After dropping the pictures, give again exactly the lines of the data from its first line through the line with "微灌注治療是我院內分泌科醫生", which is included as well.
*** Block opens ***
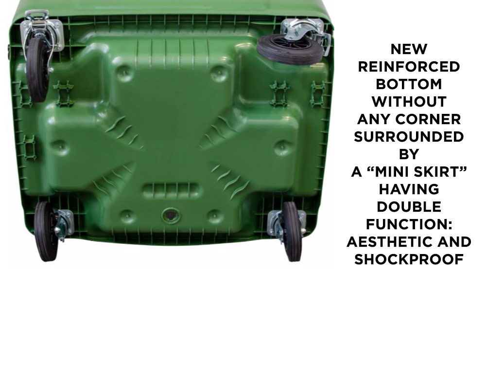 YES! We ship Australia wide: if you require freight, please request Quote for custom Delivery BEFORE Checkout. Please follow steps below to receive Freight QUOTE to your destination. STEP 1. If you require DELIVERY, contact us on sales@mgplastics.com.au with your full name, destination address, contact number and products. BEFORE making a payment to receive Delivery Quote first. STEP 2. Click HERE to enter quoted Freight Fee amount and Add to your Cart. (NOTE: if you do not Add Freight Fee, your Order will not be completed and will not be shipped ) STEP 3. Proceed to Checkout, complete your order and payment. | Heavy Duty 1100 Litre 4 Wheel Plastic Bin - NEW Range in Green colour comes with 4 Wheels that are made in Italy Ideal for use in a commercial setting The Heavy Duty 1100 Litre 4 Wheel Bin from MG Plastics is a multi-purpose Large-size mobile waste bin, with a robust grab handle and large wheels for ease of movement. The bin is injection-moulded from a specially designed HDPE plastic which is resistant to decay, frost, heat and chemicals. It is fitted with a corrosion-resistant steel axle and solid rubber tyres to ensure a long service life in even the harshest of environments. Recommended applications include: - Apartment blocks
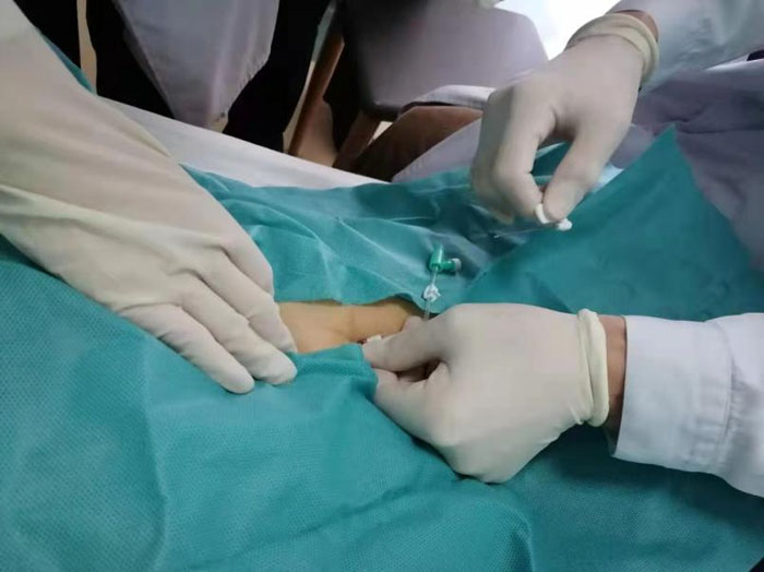 微灌注治療是我院內分泌科醫生利用微穿技術,將纖細微導管放入患肢動脈內,通過微導管灌注擴張血管藥物及改善神經代謝藥物,改善微循環。該方法可將藥物直接從動脈灌注到病變區,提高局部藥物濃度,促進側支循環開放,改善動脈供血、營養神經,起到常規靜脈用藥無法起到的治療作用,短時間內可明顯改善患者周圍神經病變的癥狀,有效治療各種原因引起的周圍神經病變,并且操作簡便、易行,床旁即可進行,也可重復治療,費用低,創傷小。
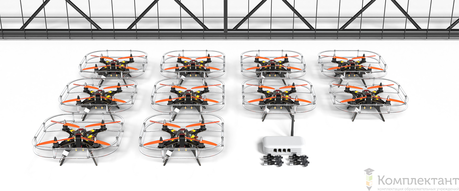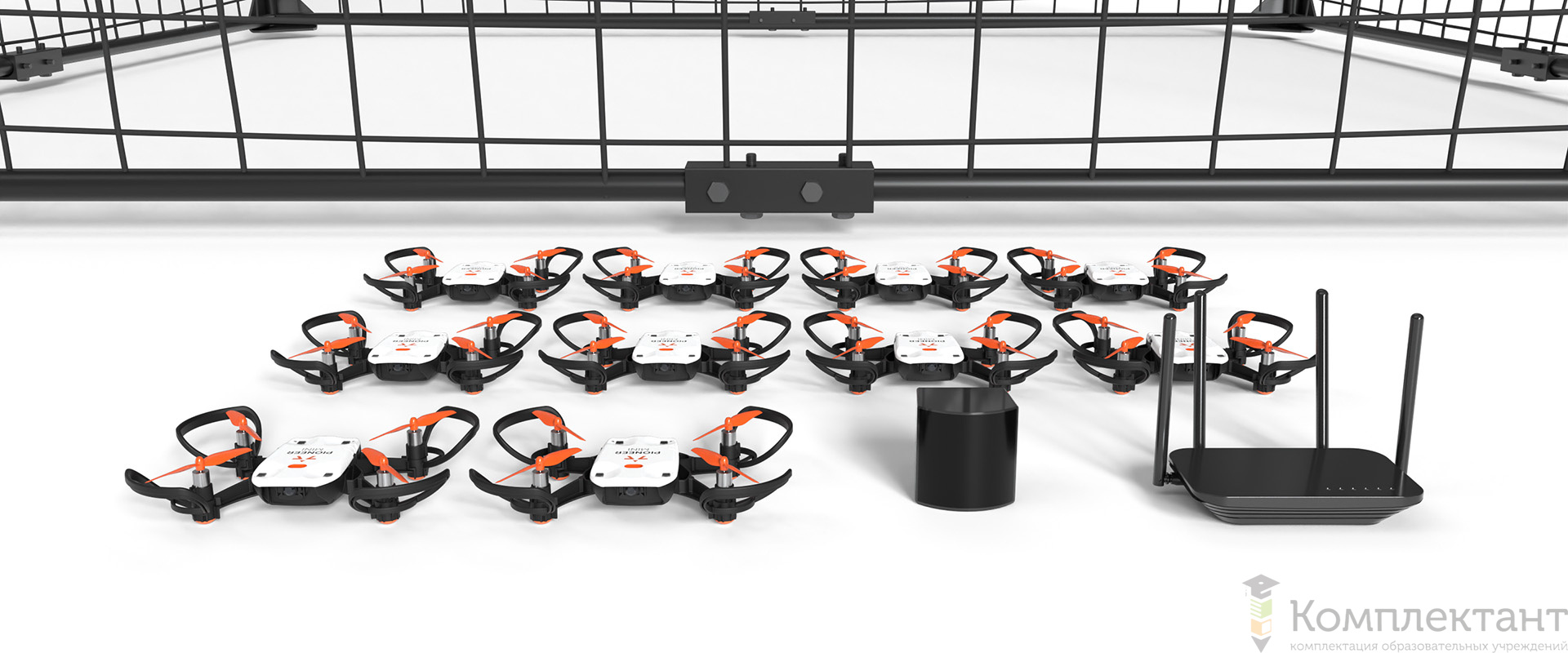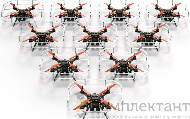 Набор включает 10 образовательных квадрокоптеров (Пионер Базовый или Пионер Мини), а также все необходимое для организации группового полета дронов в помещении. С его помощью учащиеся школ, колледжей и вузов могут отрабатывать алгоритмы роевого интеллекта, экспериментировать с выполнением задач навигации и распределенных вычислений. Комплект будет особенно полезен на занятиях по робототехнике или при организации соревнований.
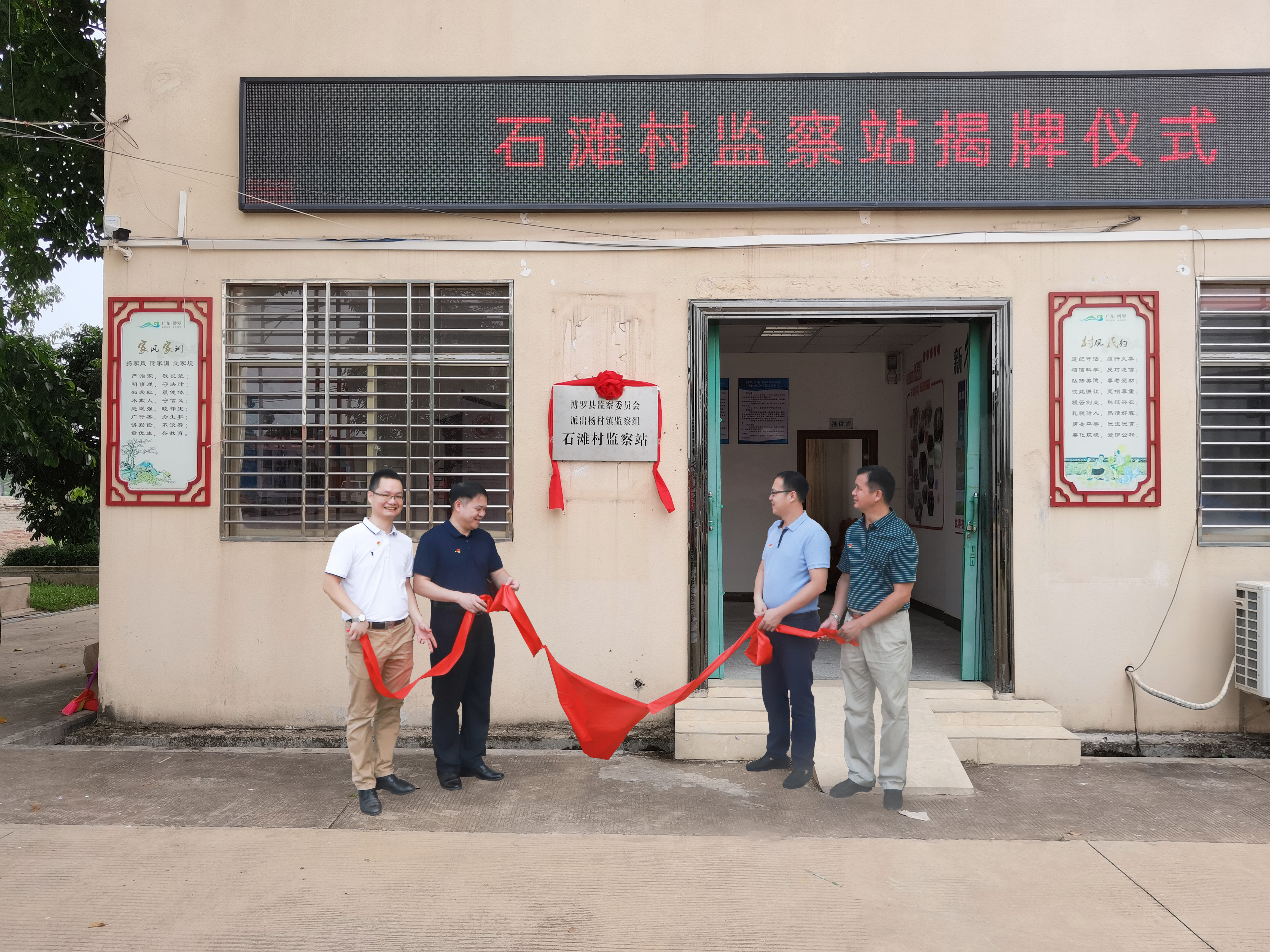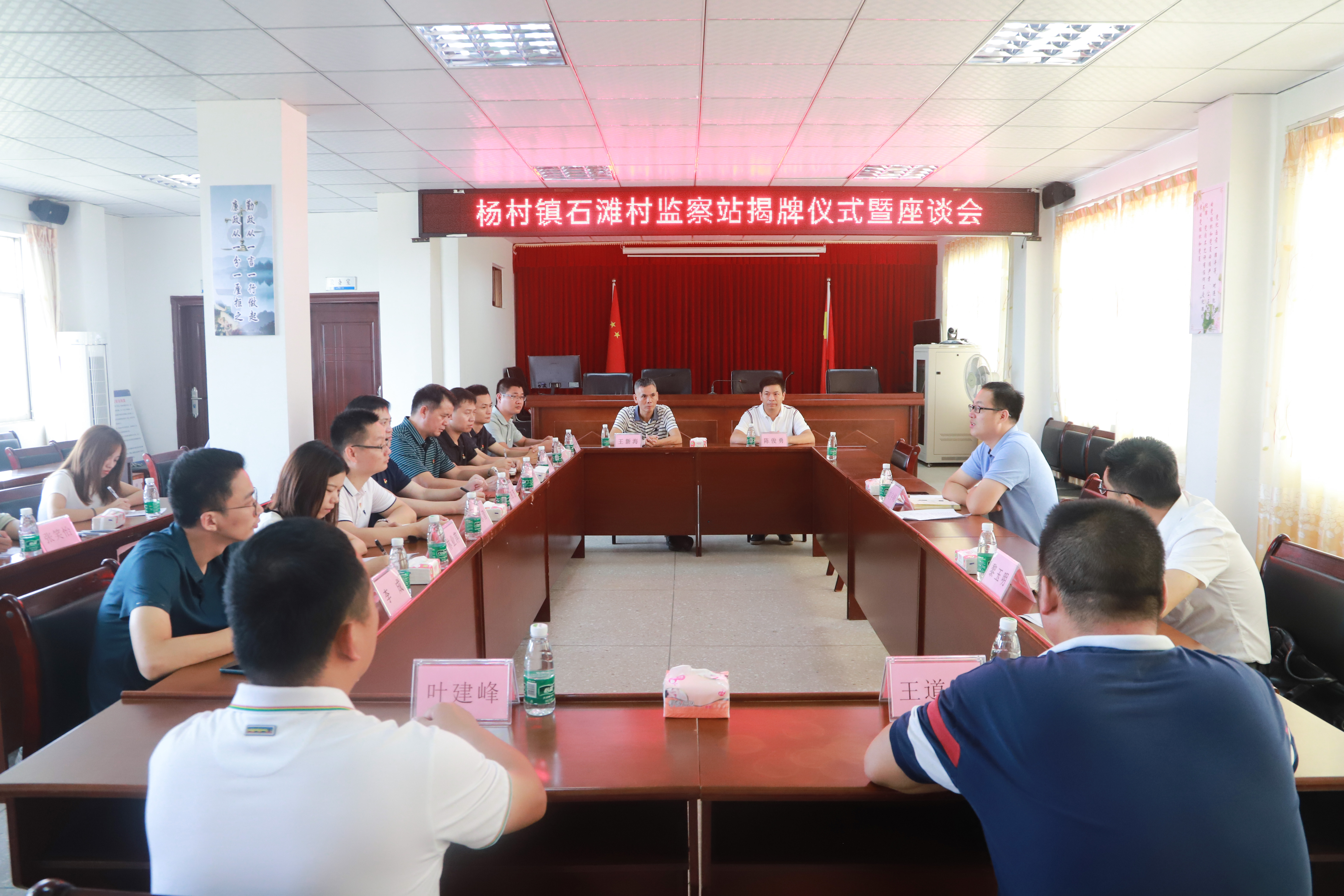 在实地察看了石滩村监察站,详细了解监察站人员配备、场地建设以及办公经费保障等情况后,刘宇峰、邓田芳等人共同为石滩村监察站揭牌。
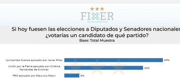 De acuerdo con una reciente encuesta realizada por la consultora Fixer, el escenario político de las elecciones legislativas nacionales evidencia un claro predominio del oficialismo. A menos de cuatro meses de los comicios, La Libertad Avanza (LLA) encabeza la intención de voto con un 40%. En un segundo lugar se encuentra Unión por la Patria, que cuenta con un 32% de las preferencias de los encuestados.
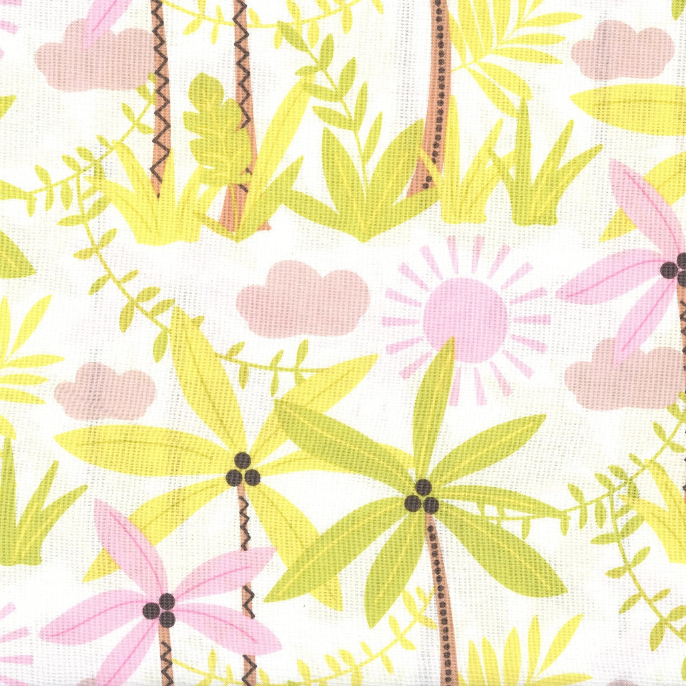Bright, fun, and full of sunny energy, Tropical Playtime from Maude Asbury’s Miney Moe collection for Blend Fabrics brings a whimsical twist to tropical design. Featuring cheerful palm trees, pink flowers, and playful suns and clouds in shades of lime, blush, and soft brown, this fabric evokes carefree summer days. Perfect for children’s projects, beach-themed quilts, or vibrant décor, it adds a pop of joy and imagination to any creation.
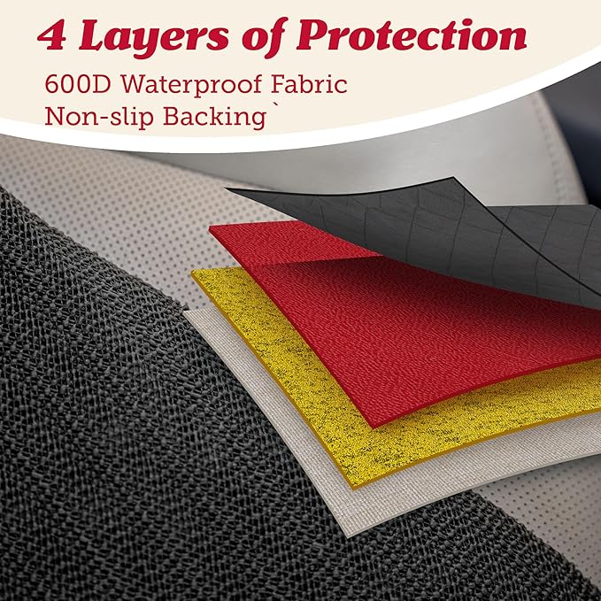 - 100% Waterproof and Durable: Our Heavy-Duty 600D fabric was designed to hold up against water, mud, scratches, and scuffs. Plus, the side flaps contain any liquids, accidents, or mess from car sickness.
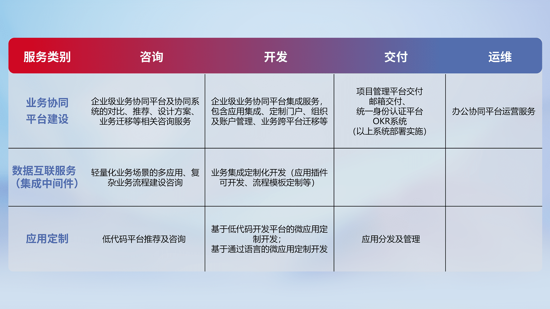 针对钉钉、、、企微、、、IDaas等平台级产品提供产品的规划、、、、方案、、、、交付、、、、定制化开发等服务,,,实现如统一协同办公、、、、智能客户服务、、、、混合会议管理、、、、智能数据查询、、、、等业务场景,,实现数字化转型。。。
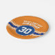 Orange and Blue - This masculine design includes jersey stripes and team colors. The lean, modern look is perfect for any athlete celebrating a birthday. The general sports theme can be used for any lover of hockey, football, soccer or baseball. You change the numbers to your a special age for a birthday celebration.
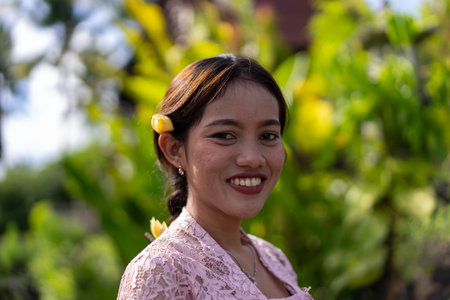beautiful and happy Asian Indonesian woman dressed in traditional Balinese religious custom holding incense stick and flowers offering outdoors at Bali temple in culture and tradition concept
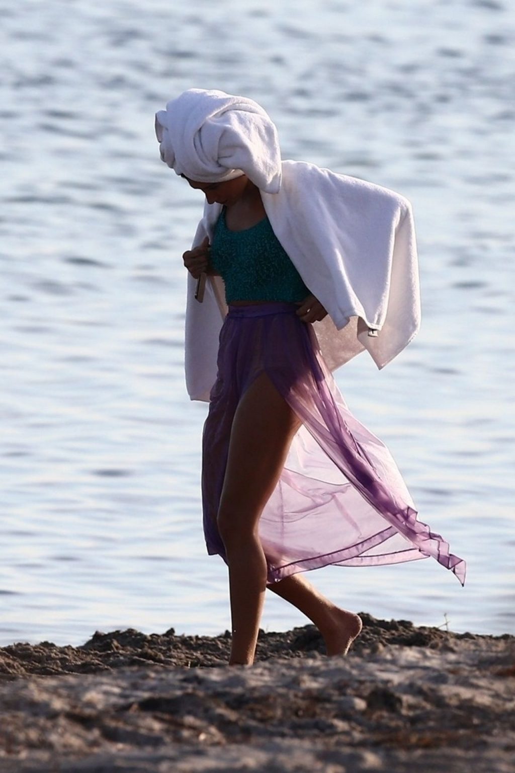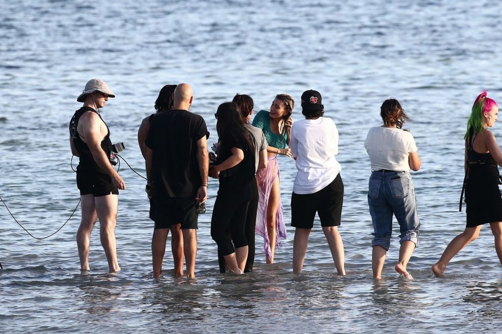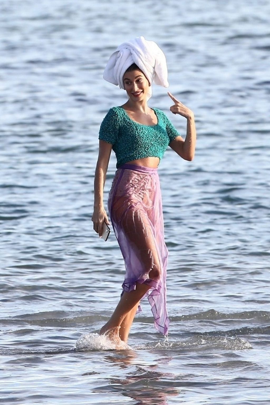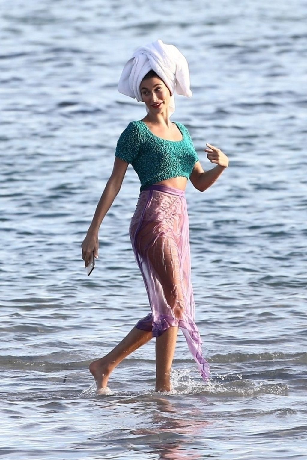 Justin Bieber visita a su esposa Hailey Bieber en Miami mientras la supermodelo se ocupa durante una sesión de fotos junto a la playa, 27/11/2019.
*** Block closes ***
### TASK SOLUTION
 YES! We ship Australia wide: if you require freight, please request Quote for custom Delivery BEFORE Checkout. Please follow steps below to receive Freight QUOTE to your destination. STEP 1. If you require DELIVERY, contact us on sales@mgplastics.com.au with your full name, destination address, contact number and products. BEFORE making a payment to receive Delivery Quote first. STEP 2. Click HERE to enter quoted Freight Fee amount and Add to your Cart. (NOTE: if you do not Add Freight Fee, your Order will not be completed and will not be shipped ) STEP 3. Proceed to Checkout, complete your order and payment. | Heavy Duty 1100 Litre 4 Wheel Plastic Bin - NEW Range in Green colour comes with 4 Wheels that are made in Italy Ideal for use in a commercial setting The Heavy Duty 1100 Litre 4 Wheel Bin from MG Plastics is a multi-purpose Large-size mobile waste bin, with a robust grab handle and large wheels for ease of movement. The bin is injection-moulded from a specially designed HDPE plastic which is resistant to decay, frost, heat and chemicals. It is fitted with a corrosion-resistant steel axle and solid rubber tyres to ensure a long service life in even the harshest of environments. Recommended applications include: - Apartment blocks
 微灌注治療是我院內分泌科醫生利用微穿技術,將纖細微導管放入患肢動脈內,通過微導管灌注擴張血管藥物及改善神經代謝藥物,改善微循環。該方法可將藥物直接從動脈灌注到病變區,提高局部藥物濃度,促進側支循環開放,改善動脈供血、營養神經,起到常規靜脈用藥無法起到的治療作用,短時間內可明顯改善患者周圍神經病變的癥狀,有效治療各種原因引起的周圍神經病變,并且操作簡便、易行,床旁即可進行,也可重復治療,費用低,創傷小。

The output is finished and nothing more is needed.